Posted by Stadium Rat
Metairie
Member since Jul 2004
9575 posts
Posted on 1/3/14 at 11:28 am to
I have an extensive cookbook collection. I did a quick survey of gumbo recipes one time and found that the stock-to-flour ratios varied from 20-1 to 7-1. Notice I said FLOUR, not roux. How much oil you use with a given amount of flour is up to you, but I've seen it vary from 1 - 1 to 1 - 1 1/2 (flour to oil).

As for my gumbo, I like it with a rich roux flavor, so mine is close to 7-1.
This post was edited on 1/3/14 at 11:38 am
Posted by Mr Fusion
The American Dream City
Member since Dec 2010
7457 posts
Posted on 1/3/14 at 11:30 am to
Enough. I just eyeball it.
This post was edited on 1/3/14 at 11:31 am
Posted by Zach
Gizmonic Institute
Member since May 2005
112619 posts
Posted on 1/3/14 at 12:10 pm to
quote:

I normally make small batches just for me and the wife. Lately I have been using a roux consisting of half a cup of flour/half cup oil to a couple quarts stock.

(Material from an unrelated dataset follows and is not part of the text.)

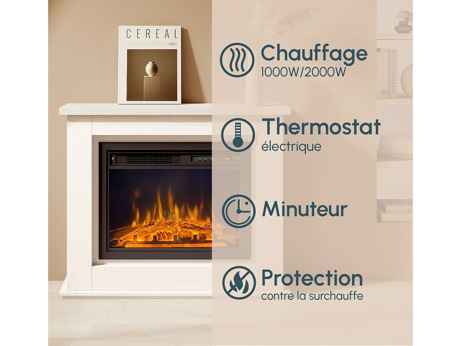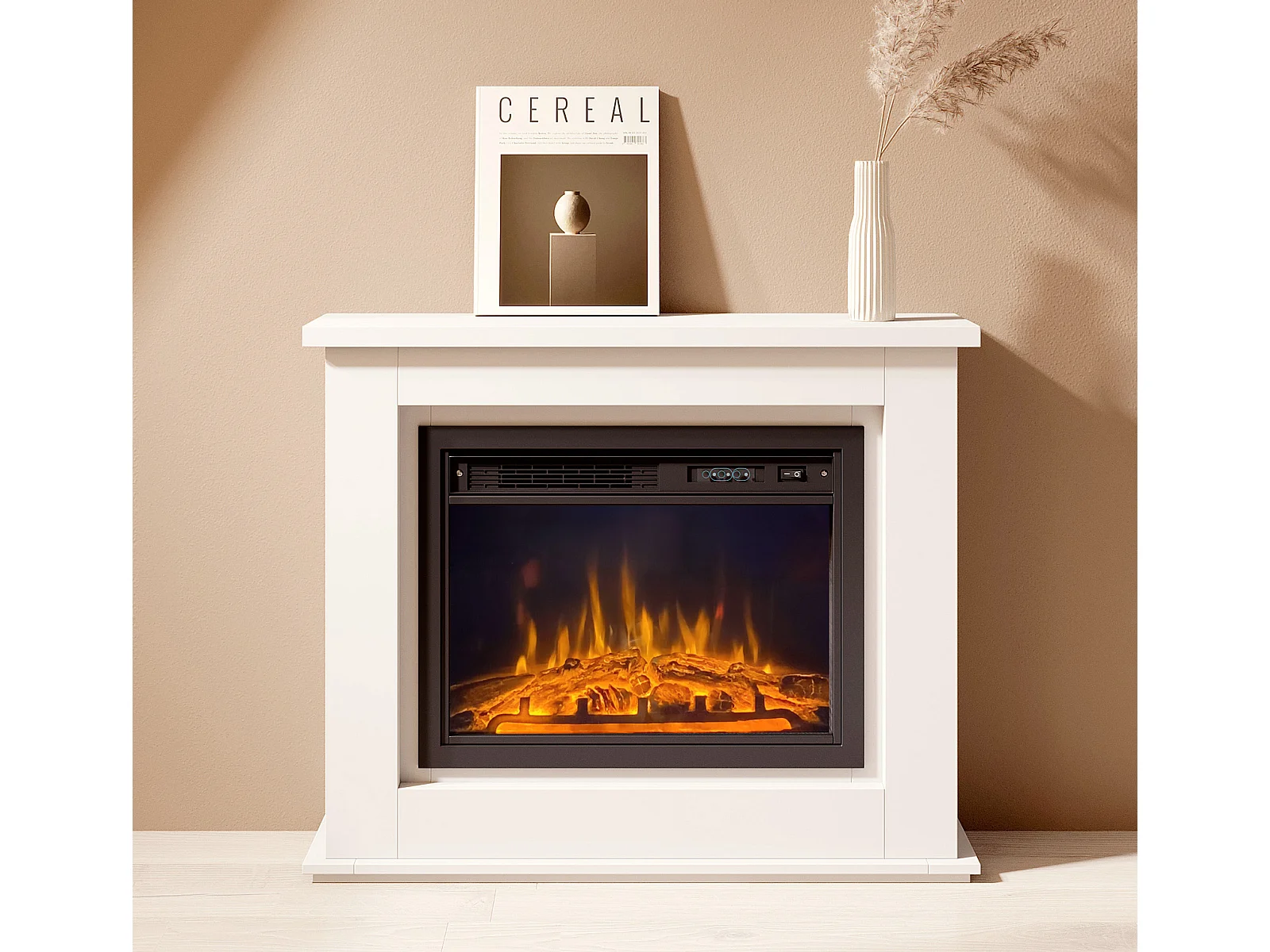 Mueble con chimenea para Salón comedor en Blanco 98x27,5x81cm Alaska

Well, hell's bells. I just adjusted my gumbo yesterday by mistake and it turned out great.

My usual was 2/3 cup of flour/ 2/3 cup of oil to about 1.5 quarts of stock. But, I didn't have enough flour. So, I adjusted to 1/2 cup flour and 1/2 cup of oil and kept same amount of stock.

I also added 1/4 cup of red wine since I was a bit short of stock. The result was excellent.

Will do it again soon.
Posted by GotDucks?
The swamp
Member since May 2013
1775 posts
Posted on 1/3/14 at 1:52 pm to
Eye that shite.
Posted by Boudreaux35
BR
Member since Sep 2007
21578 posts
Posted on 1/3/14 at 2:39 pm to
quote:

What ratio of roux to stock do you use in your gumbo?


I add stock until its a little thinner than I want it when ready to eat, then let it cook down. I don't ever remember measuring anything when cooking a gumbo. My great-grandmother would probably send a lightning bolt down at me if I ever did.